Margaret C. McEntee SR. SC., also known by her confirmation name Marita James, (born July 10, 1935) is an American Catholic religious sister and educator who is known as being the inspiration for the character of Sister James in the Pulitzer Prize and Tony Award-winning play Doubt: A Parable by John Patrick Shanley. The 2008 film adaptation is dedicated to her.

==Biography==
Sister James was born and raised in the Riverdale neighborhood of the Bronx, in New York City and is of Irish Catholic ancestry, the daughter of Margaret (née Ware) and James McEntee. She attended St. Margaret of Cortona School in Riverdale. She took the name of Marita James for her confirmation name. Later in her career it became acceptable for nuns to use their baptismal name, so she reverted to using the name Sister Margaret. She first taught school at St. Anthony's School in the Bronx.

She felt compelled to join the sisters at a young age, and after graduating high school she joined the Sisters of Charity of New York at age 18 in 1953. She became an educator at age 21. One of her students was the playwright John Patrick Shanley, who has stated in interviews that Sister James was a major influence in his life.

She has taught at many religious institutions in the Bronx, including principal at St. Barnabas High School, where she was inducted into the school's Hall of Fame in 2013. She has taught religion at the Notre Dame School, St. Raymond Academy, and the College of Mount Saint Vincent.

Through her work with the Sisters of Charity, she has been involved with many community service projects for the Bronx community. Outside of the Bronx, she served as the Assistant Principal at St. Augustine's College in Nassau, Bahamas, and also taught in Pennsylvania.

==Portrayal in media==
When Doubt was preparing to open on the Broadway stage, she coached actress Heather Goldenhersh on how to play the role of a nun based on herself. Goldenhersh was nominated for the Tony Award for Best Featured Actress in a Play for her portrayal.
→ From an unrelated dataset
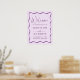 Bem-vindos aos seus hóspedes com encanto moderno usando este Poster de Boas-vindas do Purple Wavy Frame. Seus nomes e detalhes de casamento aparecem em letras roxas em um fundo roxo leve, enquadrado por uma borda ondulada em negrito para um ponto focal de na moda. Perfeito para primavera, lavanda ou casamentos brancos, este poster de boas-vindas adiciona um toque novo e elegante à sua decoração. Disponível como um poster impresso profissionalmente ou como um download instantâneo para impressão em casa.
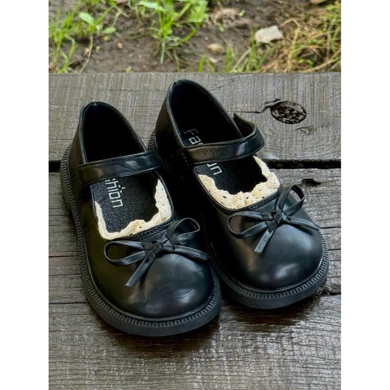 26 - устілка 16,2 см 27 - устілка 16,9 см 34 - устілка 21,2 см 35 - устілка 21,8 см 36 - устілка 22,3 см Новинка! Чорні туфельки для дівчинки — стиль і комфорт щодня Вишукані туфлі з еко-шкіри з акуратним бантиком і мереживною обробкою — чудове поєднання елегантності та зручності. Застібаються на зручну липучку, що дозволяє дитині легко взуватися самостійно. М’які, легкі та комфортні — ідеальні як для школи, так і для урочистих подій. Колір: класичний чорний — пасує до будь-якого вбрання.

McEntee was hired to serve as technical advisor for the 2008 film version of Doubt. She coached the production team as well as actress Amy Adams, who was portraying her, in how things worked within the Sisters of Charity, in particular at the time the story is set in the 1960s. Adams was nominated for the Academy Award for Best Supporting Actress for her portrayal.

While the character Sister James is based on McEntee, the characters Father Flynn and Sister Aloysius, along with the story of abuse within the school where she taught, are entirely fictional and created by Shanley for dramatic purposes. McEntee has attended regional productions of Doubt as a special guest and mentor for the production.